Indeed. If you tried to do it all manually, a week probably wouldn't be enough...

🎓

That's why we automate it. Automatically run a suite of benchmark problems, automatically compare results, and issue an alert if differences exceed a threshold—that's the overall picture of CAE regression testing.

Why is Regression Testing Necessary?

🧑‍🎓

But solvers are commercial software, right? Do results really change just from a version upgrade?

🎓

They do change, that's the thing. Solver vendors perform bug fixes, algorithm improvements, and default setting changes during version upgrades. Each of these can potentially affect results.

🎓

Here are some actual examples:

  • MSC Nastran version change caused natural frequency variations of 0.3–0.5% (due to changes in stiffness matrix assembly algorithm).
  • Abaqus minor update changed the default contact detection, altering contact forces by a few percent.
  • OpenFOAM version change corrected the wall function implementation in the turbulence model, changing Cd values by over 2%.
  • Changing compiler optimization flags alone altered the order of floating-point rounding, causing bifurcation in the convergence path of a nonlinear analysis.
🧑‍🎓

What, results change just from compiler optimization flags!? That's a bit scary...

🎓

That's precisely why regression testing is essential. In fields involving safety certification like aerospace and nuclear power, running all certified benchmark suites every time the solver version changes is standard practice. In automotive crash safety, consistency with NCAP standards must always be verified.

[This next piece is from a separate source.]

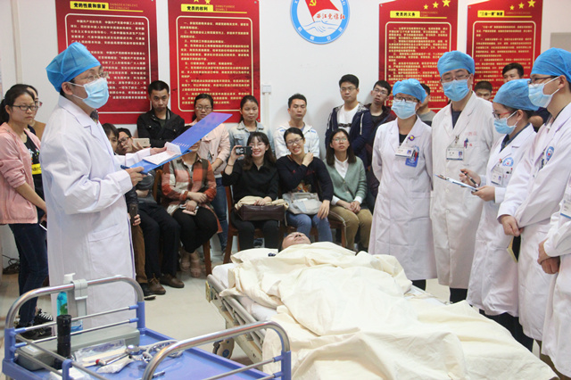 张巍副主任给各教学督导专家组成员、教学秘书、规陪学员等做了中医规范教学查房的示范。

Mathematical Framework for Judgment

🧑‍🎓

How do you specifically judge "whether results have changed"? Numerical values never match exactly, right?

🎓

Exactly. Due to floating-point arithmetic, we don't expect exact matches. Instead, we judge based on whether the relative error or absolute error is within an acceptable range. The basic formula is:

$$ e_{rel} = \frac{|Y_{new} - Y_{baseline}|}{|Y_{baseline}|} \times 100\% $$

Here, $Y_{baseline}$ is the baseline (reference) result, and $Y_{new}$ is the result from the new environment. The judgment criteria are:

$$ e_{rel} < \varepsilon_{tol} \implies \text{PASS},\quad e_{rel} \geq \varepsilon_{tol} \implies \text{FAIL} $$
🎓

When $Y_{baseline}$ is near zero, the relative error diverges, so we use absolute error in that case:

$$ e_{abs} = |Y_{new} - Y_{baseline}| < \varepsilon_{abs} $$
🧑‍🎓

So relative error can't be used when the baseline is near zero. Like displacement at a constrained point (theoretically zero), for example.

🎓

Exactly that kind of case. In practice, a combined judgment using both relative and absolute error is often used:

$$ \text{PASS} \iff (e_{rel} < \varepsilon_{rel}) \;\lor\; (e_{abs} < \varepsilon_{abs}) $$

Furthermore, the pass rate for the entire test suite is also managed:

$$ \text{Pass Rate} = \frac{N_{pass}}{N_{total}} \times 100\% $$
🧑‍🎓

Is there also a standard for the overall test suite pass rate?

🎓

Many organizations set a Pass Rate of 100% as a release condition. If even one case FAILs, they investigate the cause to determine if it's a change due to "intentional improvement" or a "bug." If it's an intentional change, they update the baseline.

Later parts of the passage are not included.